Given the records underneath, please repeat exactly the lines from the line with "增加;每年12月 至次年5月" through the line with "美式乡村实木书柜家用办公带门多层书架柜子收纳储物书房简约现代", passing over any picture.

▶ **Provided entries**:
------

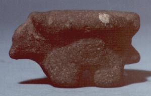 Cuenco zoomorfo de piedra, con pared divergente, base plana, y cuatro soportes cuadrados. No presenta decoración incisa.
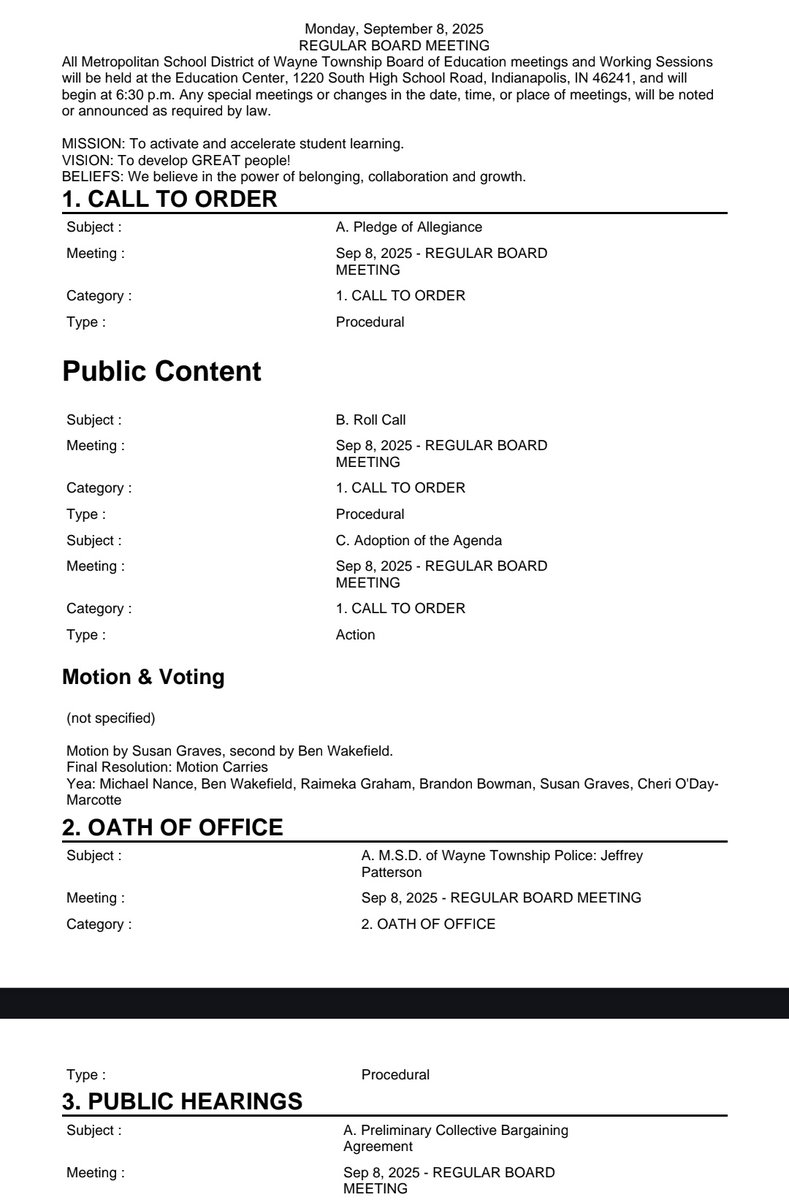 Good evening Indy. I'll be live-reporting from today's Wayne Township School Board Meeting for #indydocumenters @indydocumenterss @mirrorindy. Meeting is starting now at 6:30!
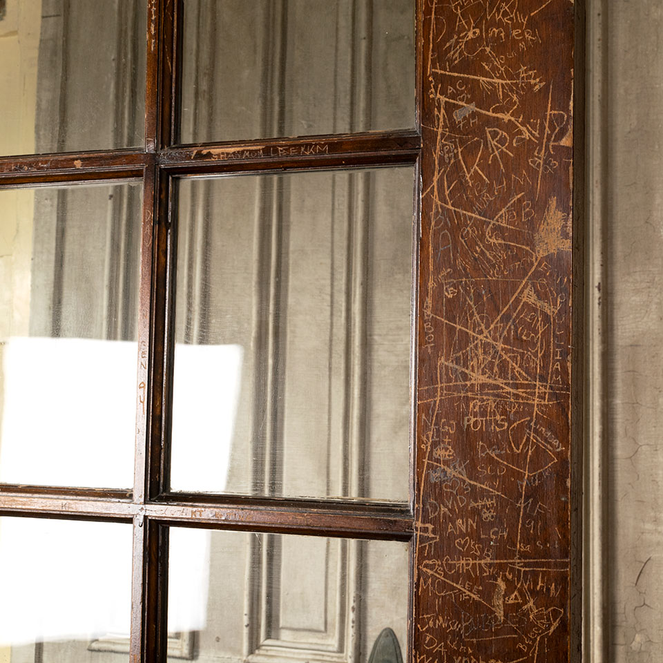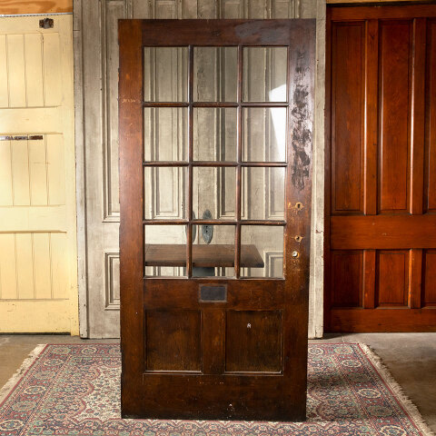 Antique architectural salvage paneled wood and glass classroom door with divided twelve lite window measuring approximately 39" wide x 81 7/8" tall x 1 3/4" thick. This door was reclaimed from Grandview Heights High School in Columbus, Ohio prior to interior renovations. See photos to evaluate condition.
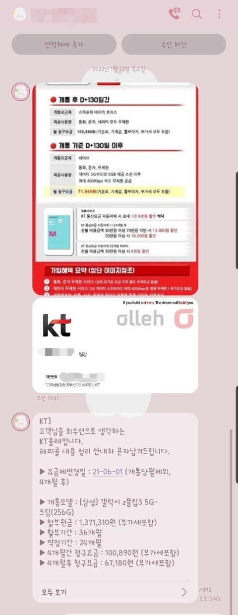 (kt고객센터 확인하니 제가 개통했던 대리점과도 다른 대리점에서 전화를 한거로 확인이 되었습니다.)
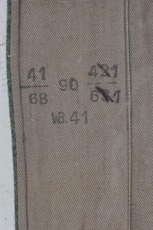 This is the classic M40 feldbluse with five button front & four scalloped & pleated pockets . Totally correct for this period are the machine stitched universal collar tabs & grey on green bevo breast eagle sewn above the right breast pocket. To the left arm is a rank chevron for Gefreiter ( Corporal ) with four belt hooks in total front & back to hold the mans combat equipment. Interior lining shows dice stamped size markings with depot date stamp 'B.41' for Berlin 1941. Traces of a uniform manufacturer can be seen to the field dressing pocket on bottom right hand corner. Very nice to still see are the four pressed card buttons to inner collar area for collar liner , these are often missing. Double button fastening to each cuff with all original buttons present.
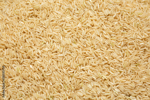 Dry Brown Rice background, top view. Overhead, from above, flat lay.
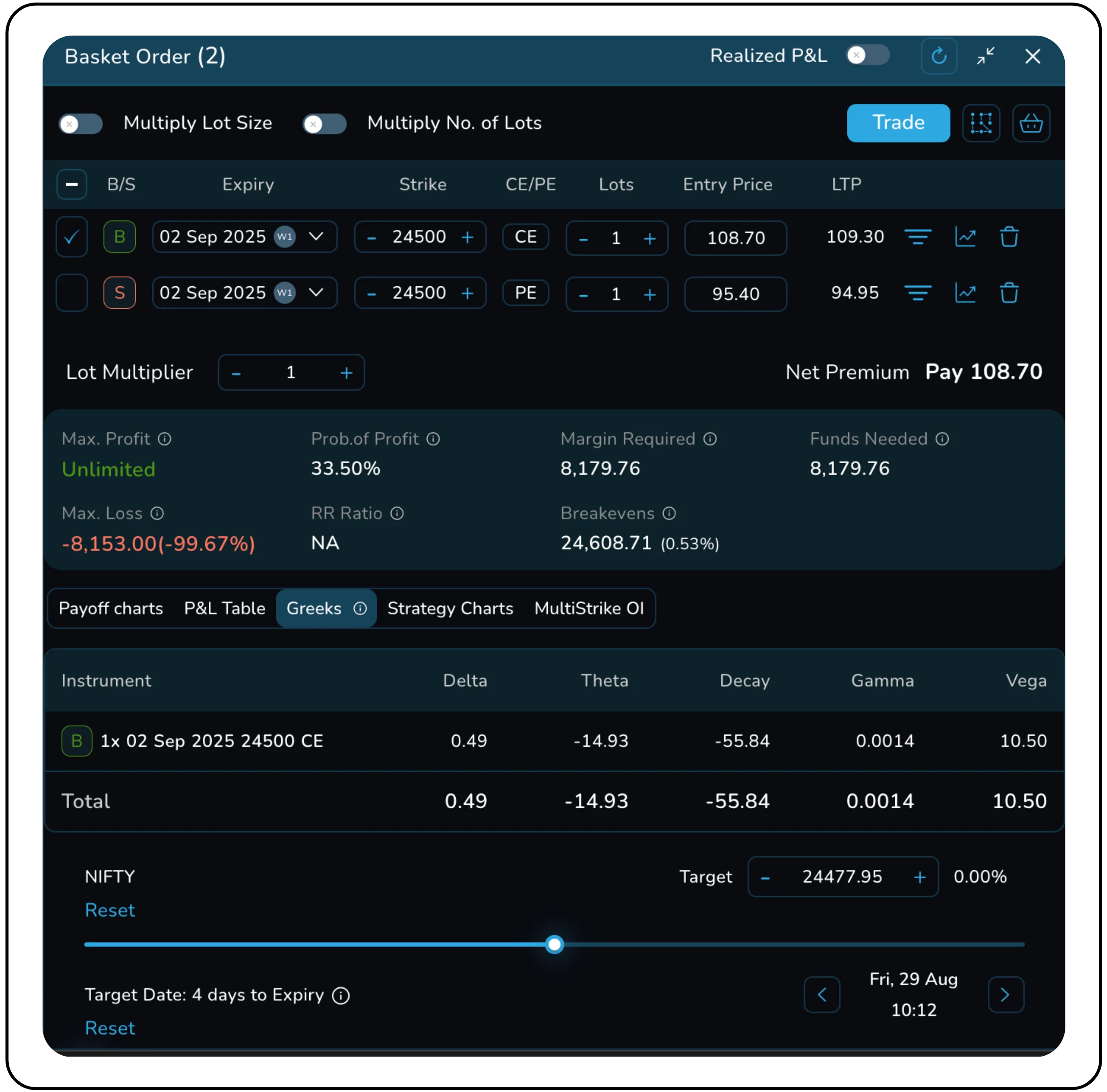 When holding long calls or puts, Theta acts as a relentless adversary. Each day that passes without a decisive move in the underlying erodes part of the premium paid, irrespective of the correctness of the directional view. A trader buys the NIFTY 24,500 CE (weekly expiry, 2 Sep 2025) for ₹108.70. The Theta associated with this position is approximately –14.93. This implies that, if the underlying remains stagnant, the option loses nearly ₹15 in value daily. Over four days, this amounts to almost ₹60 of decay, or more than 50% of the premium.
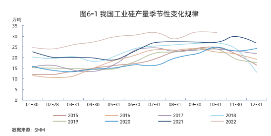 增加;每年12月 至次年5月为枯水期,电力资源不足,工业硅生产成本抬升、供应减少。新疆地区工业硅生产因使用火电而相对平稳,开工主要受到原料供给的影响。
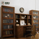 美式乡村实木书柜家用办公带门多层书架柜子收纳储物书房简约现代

------

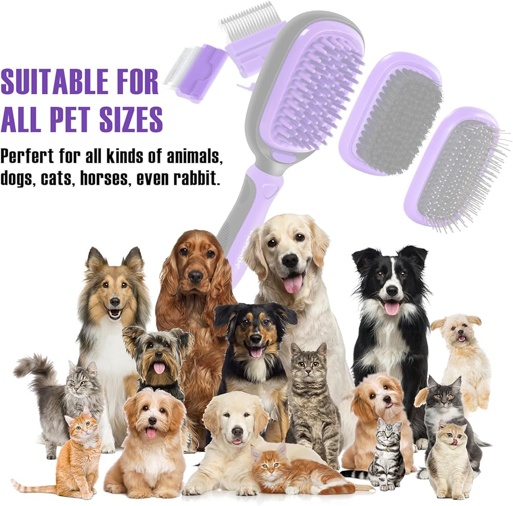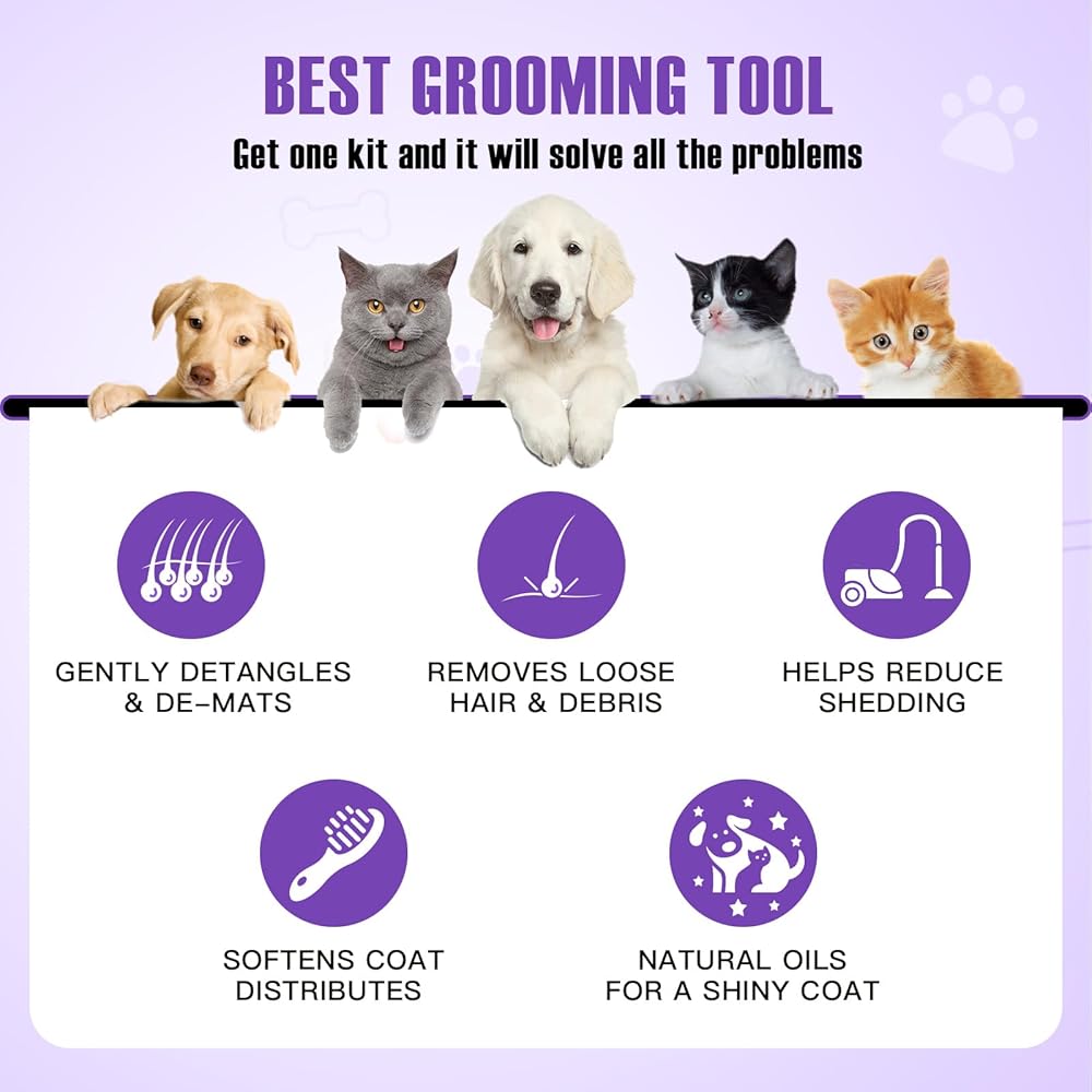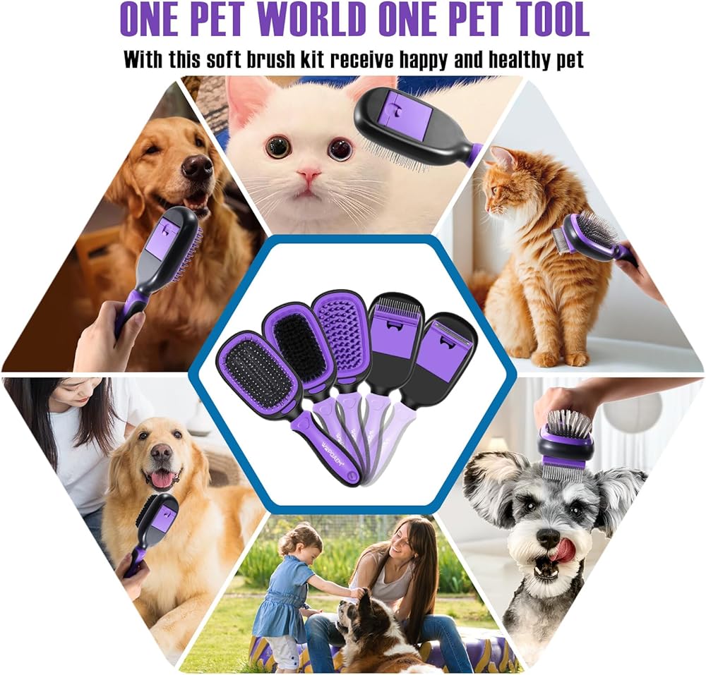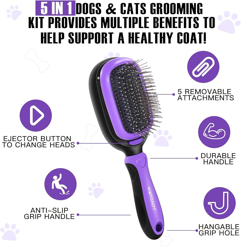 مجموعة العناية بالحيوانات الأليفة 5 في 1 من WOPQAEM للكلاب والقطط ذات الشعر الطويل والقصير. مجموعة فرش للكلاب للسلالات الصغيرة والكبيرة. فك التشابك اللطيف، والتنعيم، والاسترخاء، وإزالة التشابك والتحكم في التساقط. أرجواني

------

▶ **Response**:
 增加;每年12月 至次年5月为枯水期,电力资源不足,工业硅生产成本抬升、供应减少。新疆地区工业硅生产因使用火电而相对平稳,开工主要受到原料供给的影响。
 美式乡村实木书柜家用办公带门多层书架柜子收纳储物书房简约现代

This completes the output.